**What you need to do**
When you reach the line that contains "Das Obergeschoss bietet", begin copying exactly, and continue through the last line of the data; no pictures belong in the copy.

________

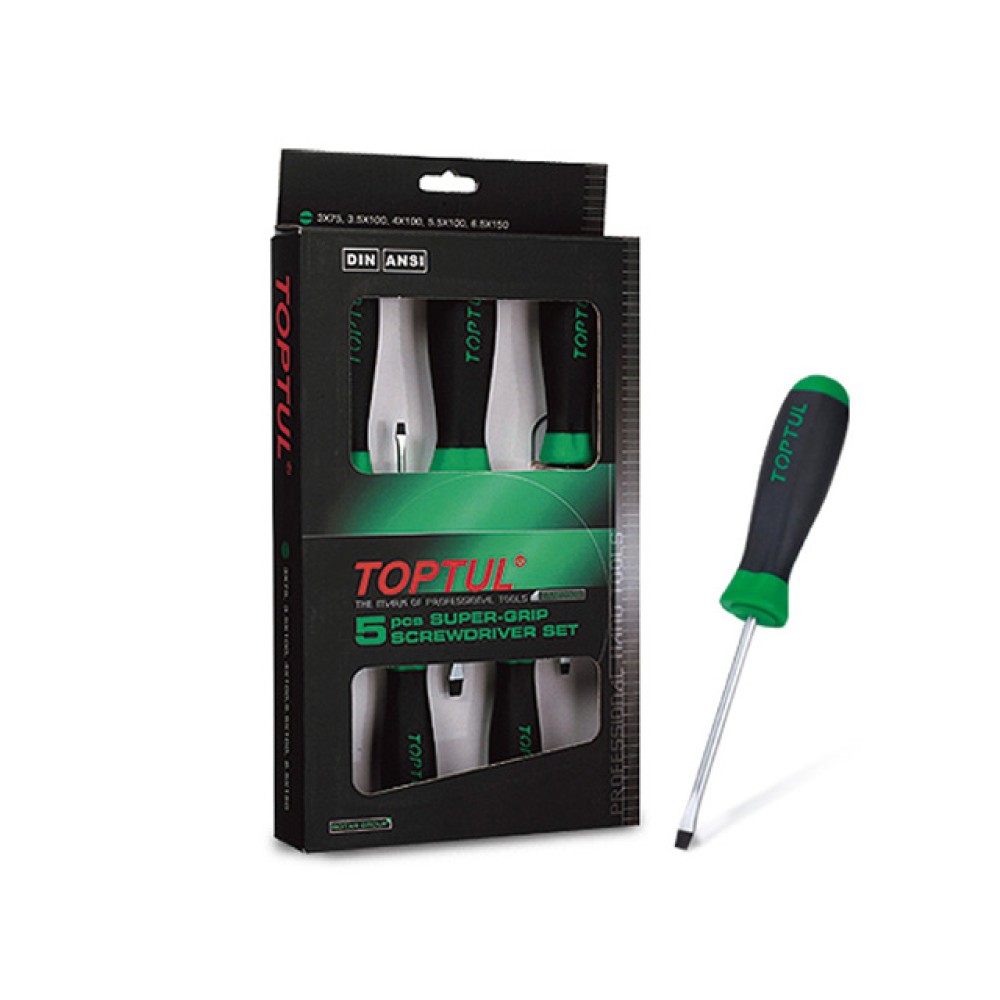 Набор отверток шлицевых TOPTUL 5 предметов (GAAE0503) используется квалифицированными специалистами различных сфер промышленности. Цельнозакаленный стержень отверток изготовлен из конструкционной легированной стали. Двухкомпонентная рукоятка гарантирует удобство в работе и предотвращает проскальзывание инструмента в руке.
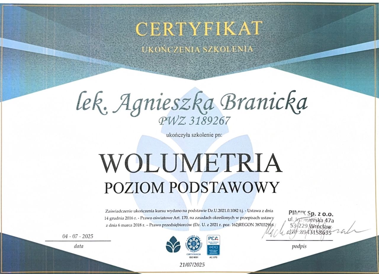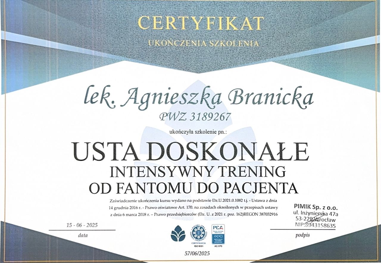 Moja ukończona specjalizacja z medycyny rodzinnej pozwala mi patrzeć na pacjenta całościowo i łączyć wiedzę z różnych dziedzin. Od zawsze fascynowała mnie medycyna estetyczna, dlatego rozwijałam się także w tym kierunku, uczestnicząc w licznych kursach i szkoleniach.
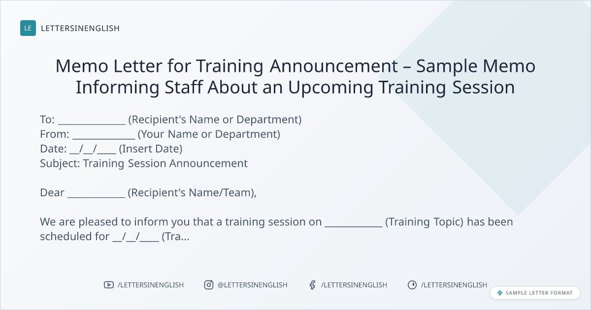 Memo Letter for Training Announcement – Sample Memo Informing Staff About an Upcoming Training Session
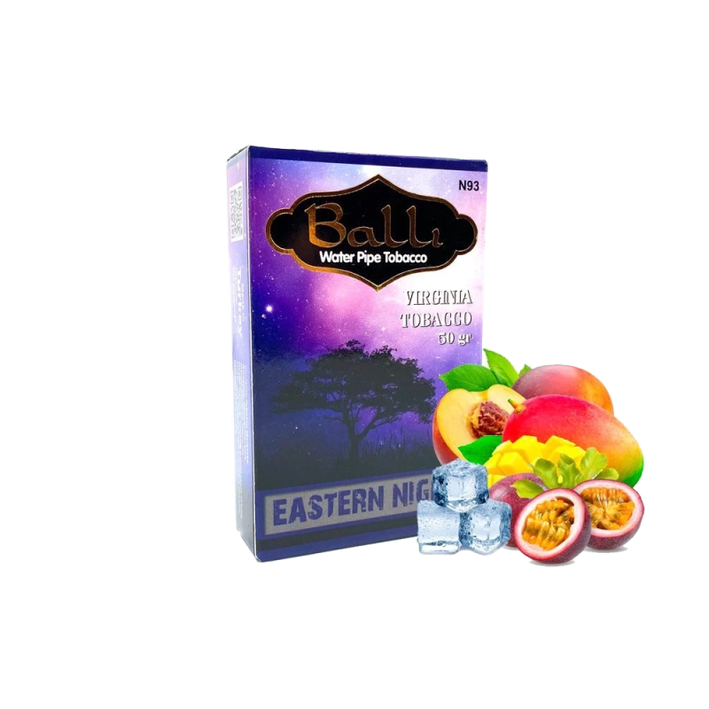Найпопулярнішим серед поціновувачів димного відпочинку є Тютюн Balli Eastern Night (Істерн Найт, 50 г) від Balli. Основа кальянної заправки — це тютюновий лист Virginia високої якості, а також натуральні ароматизатори, патока та чистий гліцерин. Завдяки цьому тютюн має насичений смак Лід/Холодок, Манго, Маракуя, Персик, приємний аромат і здатний утворювати густий дим.
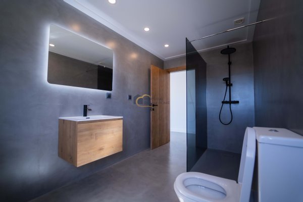 Das Obergeschoss bietet fünf Schlafzimmer, eines davon en Suite und zwei weitere Bäder. Drei der Zimmer im zweiten Stock haben Zugang zu individuellen Balkonen mit Blick auf die Landschaft und das Meer. Mit fünf geräumigen Schlafzimmern und vier eleganten Bädern ist Platz für die ganze Familie und Gäste. Klimaanlagen und Wärmepumpen sorgen das ganze Jahr über für thermischen Komfort, während die Hausautomation Komfort und intelligente Steuerung bietet.
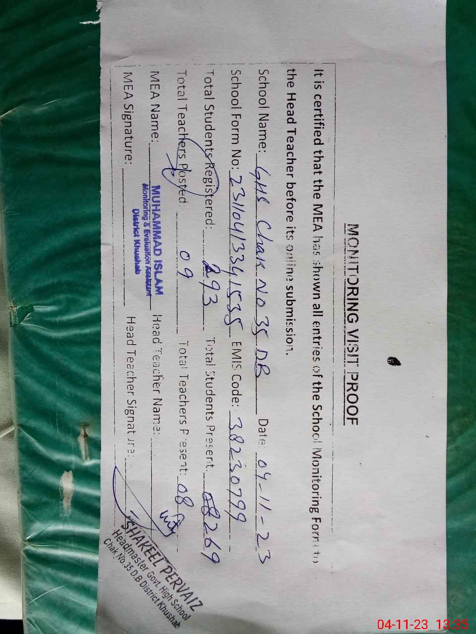 | EMIS Code: 38230799 | Name of School: GHS CHAK NO 35 DB | |||

________

**Problem solution**
 Das Obergeschoss bietet fünf Schlafzimmer, eines davon en Suite und zwei weitere Bäder. Drei der Zimmer im zweiten Stock haben Zugang zu individuellen Balkonen mit Blick auf die Landschaft und das Meer. Mit fünf geräumigen Schlafzimmern und vier eleganten Bädern ist Platz für die ganze Familie und Gäste. Klimaanlagen und Wärmepumpen sorgen das ganze Jahr über für thermischen Komfort, während die Hausautomation Komfort und intelligente Steuerung bietet.
 | EMIS Code: 38230799 | Name of School: GHS CHAK NO 35 DB | |||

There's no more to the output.